People had commented on his lack of emotion at the funeral service. He’d stood stiffly behind his freshly widowed mother and his much younger sister and had not wept in his grief or tried to comfort them.
That tableau, the distance between the boy and his family, became a gulf in the eyes of an onlooker. An inch became a foot which bloomed into a thousand miles of emotional distance. If Pulcheria and Dunya had been in New York, well, Rodion was in Florida.
One neighbor had mentioned, In the quiet of his own home, the safety of his living room, that there was something wrong with a person who could not summon tears at his own fathers funeral and did not try to comfort those poor women.
He was emotionally sterile, that boy.
He sobbed and choked on his own tears and the words he forced out of his throat seemed to not want to come out at all.
“Dunya. Please. What do I do?”
He was unsettling her. “About what?”
“Oh Dunya! I’ve killed.”
All the saintly marys shook their heads, all the degenerate marys glared. The Mary with bloodier hands than he did, nodded proudly.
A sister's hands were gripped so tightly he left tiny crescent moons across the meat of her palms.

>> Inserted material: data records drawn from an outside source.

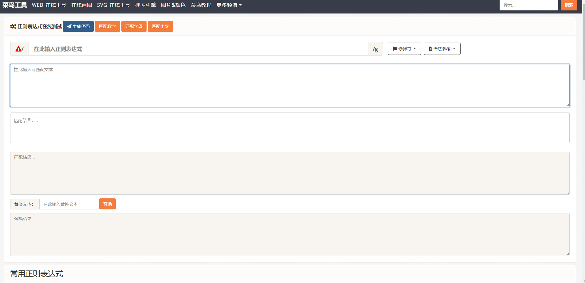 在编写正则表达式时,有一个正则表达式在线测试的网站,觉得挺好用的,正则表达式几乎没怎么错过> https://c.runoob.com/front-end/854/ >,在里面会有些语法参考,这样即便不太记得怎么表达,也可以通过这个参考写出相应的正则表达式,界面如下,还是挺方便的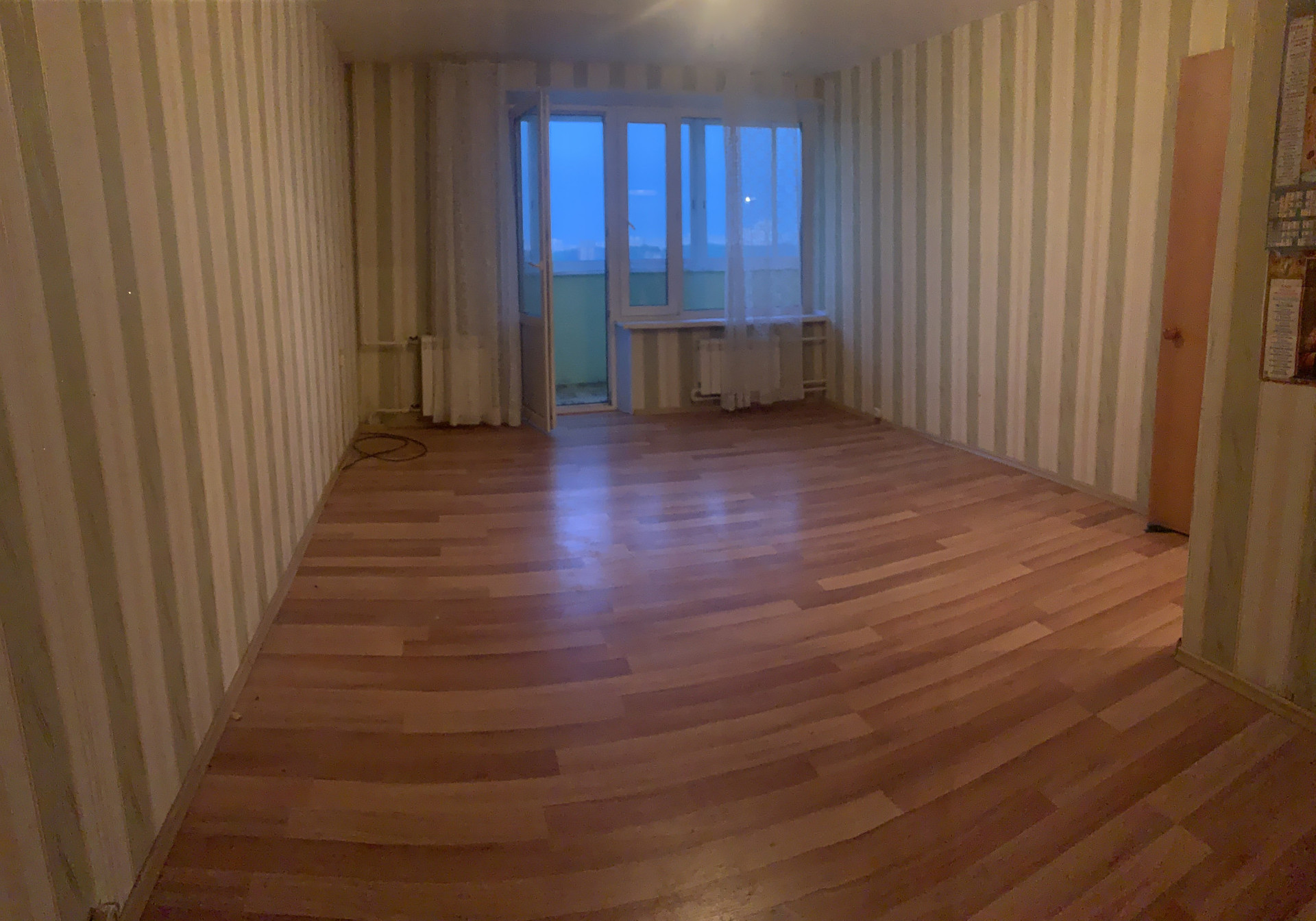 Огромная лоджия из которой можно сделать рабочий кабинет или зону для отдыха.
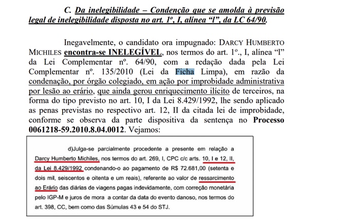 Humberto Michilis, ora Impugnado, foi acusado, julgado e condenado em primeira e segunda instâncias por atos de improbidade administrativa, enquanto gestor público, causando prejuízo financeiro ao Estado do Amazonas, tendo favorecido terceiros de forma direta com desvio de erário, através do uso excessivo de diários enquanto secretário, no valor de R$ 72.681,00, sendo condenado a ressarcir integralmente tais valores atinentes às diárias de viagem pagas indevidamente.

“You’re hurting me, Rodya.”
She didn’t specify how.
Chapter 19
Summary:
Dunya can’t catch a break :(
Notes:
Somehow this fic gets longer whenever I look at it. I’m not sure what I was doing while I wrote it, because none of the chapters are that similar in length, and I thought it would be like ten chapters long, but nope. 19. And I think there will be between three and five more. Or perhaps one really long one if I lose my patience with past Ulalume’s formatting.
Anyway, I promised heightened telenovela, so here we go. Nothing can stay in the past forever and all that.
(See the end of the chapter for more notes.)
Chapter Text
A blade splits through the fog and lodges in Dmitri’s skull. “You shouldn’t over indulge Dmitri.”
He opened his eyes and found himself in that dressing room with the blond singer.
“Who are you?”
“Sorry, I suppose you were fairly far gone when I introduced myself to you.”
He was perched on the edge of a vanity, a comb and tube of lipstick pushed off to the side. Dmitri was strewn over the small sofa covered in ratty pink velvet, able to feel knobs of bone in his back he had been previously unaware of until the wooden sofa arm introduced them.
“I’m Sam.” He extended a hand to Dmitri, presumably expecting it to be shaken.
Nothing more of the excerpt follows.